BEGIN Extracted material

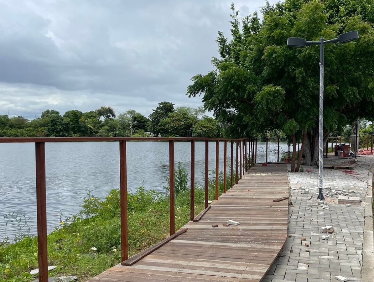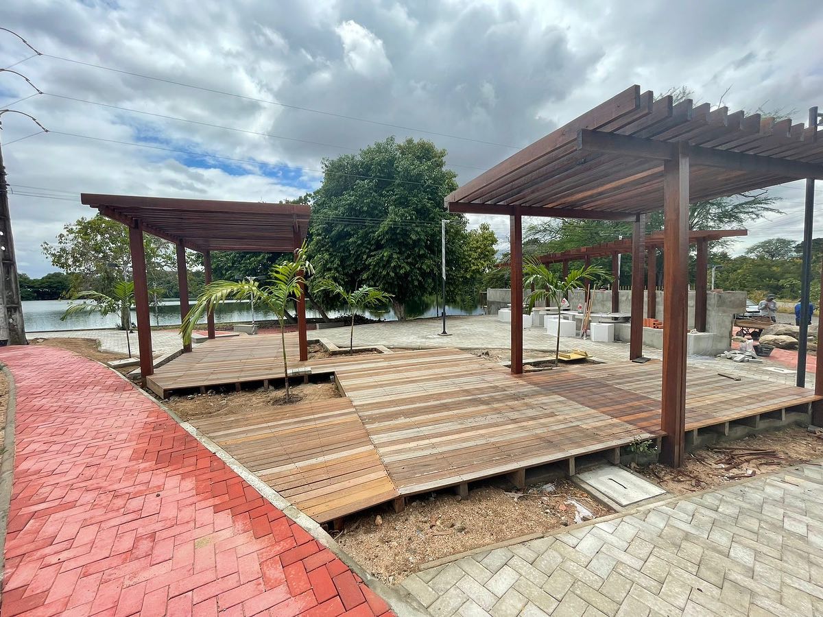 Obra de urbanização do Lago Capuxu segue em andamento. O local, que é um ponto turístico de Paulo Afonso, está ficando ainda mais bonito, com um pergolado em madeira que contorna toda a borda e uma pracinha para contemplação, já em fase de finalização.
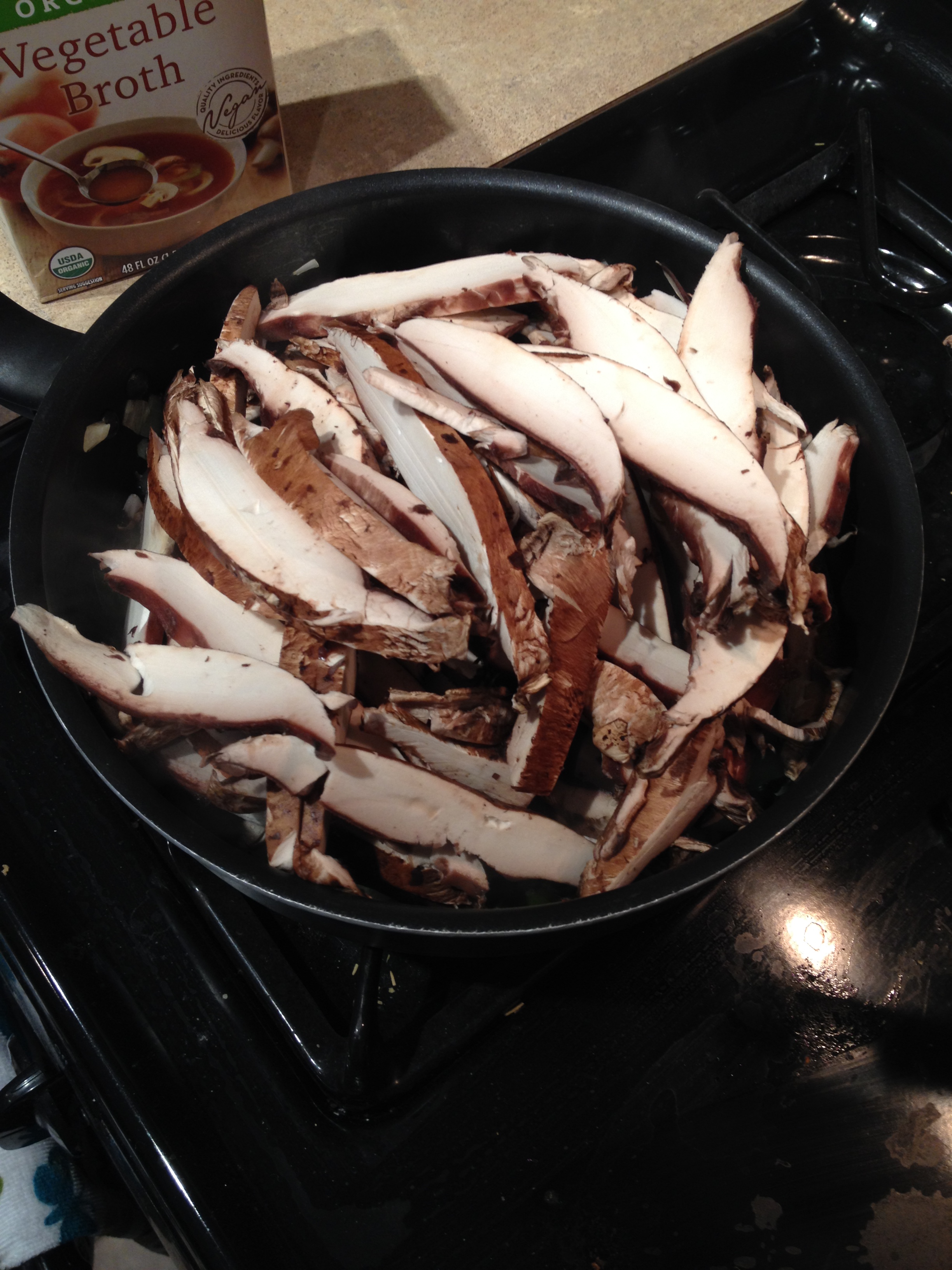 5. Dump mushrooms into saute pan then put the lid on to pull liquid out.
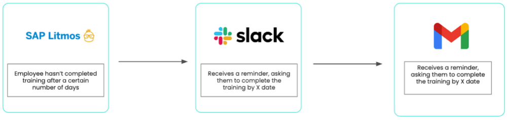 例えば、HRIS(例:Workday)とLMS(例:SAP Litmos)、コミュニケーションツール(例:Slack)を連携すれば、次のようなワークフローを自動化できます。
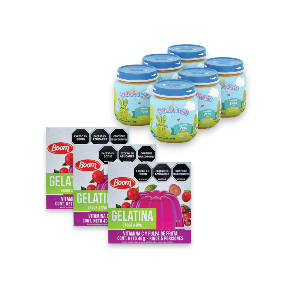 Compota de pera Baby Fruit + Gelatina sabor uva Boom
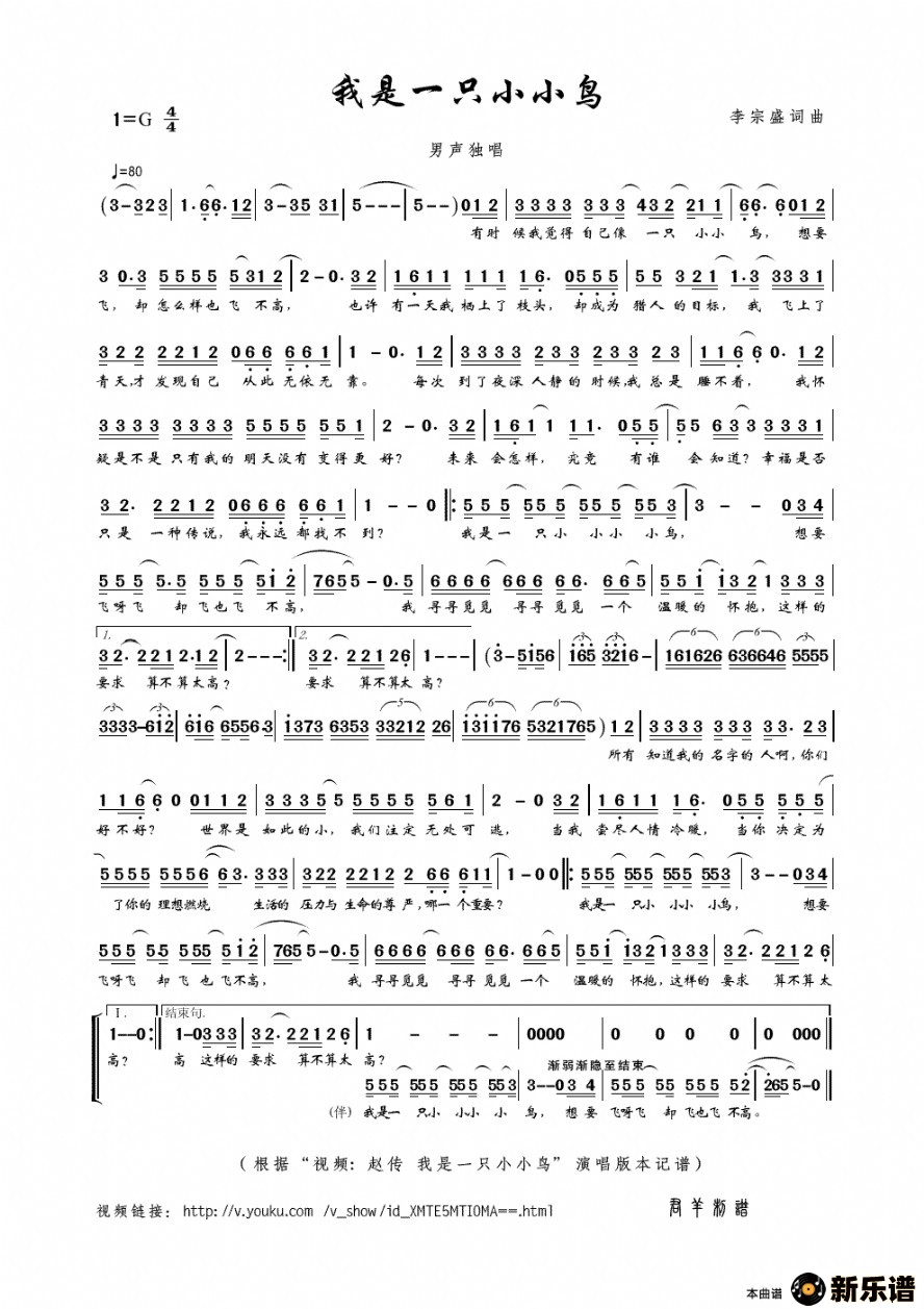 赵传演唱的我是一只小小鸟歌词,我是一只小小鸟最新曲谱.

END Extracted material

Action item
Leaving aside the images, write out the entries above word for word.

Result of the exercise
 Obra de urbanização do Lago Capuxu segue em andamento. O local, que é um ponto turístico de Paulo Afonso, está ficando ainda mais bonito, com um pergolado em madeira que contorna toda a borda e uma pracinha para contemplação, já em fase de finalização.
 5. Dump mushrooms into saute pan then put the lid on to pull liquid out.
 例えば、HRIS(例:Workday)とLMS(例:SAP Litmos)、コミュニケーションツール(例:Slack)を連携すれば、次のようなワークフローを自動化できます。
 Compota de pera Baby Fruit + Gelatina sabor uva Boom
 赵传演唱的我是一只小小鸟歌词,我是一只小小鸟最新曲谱.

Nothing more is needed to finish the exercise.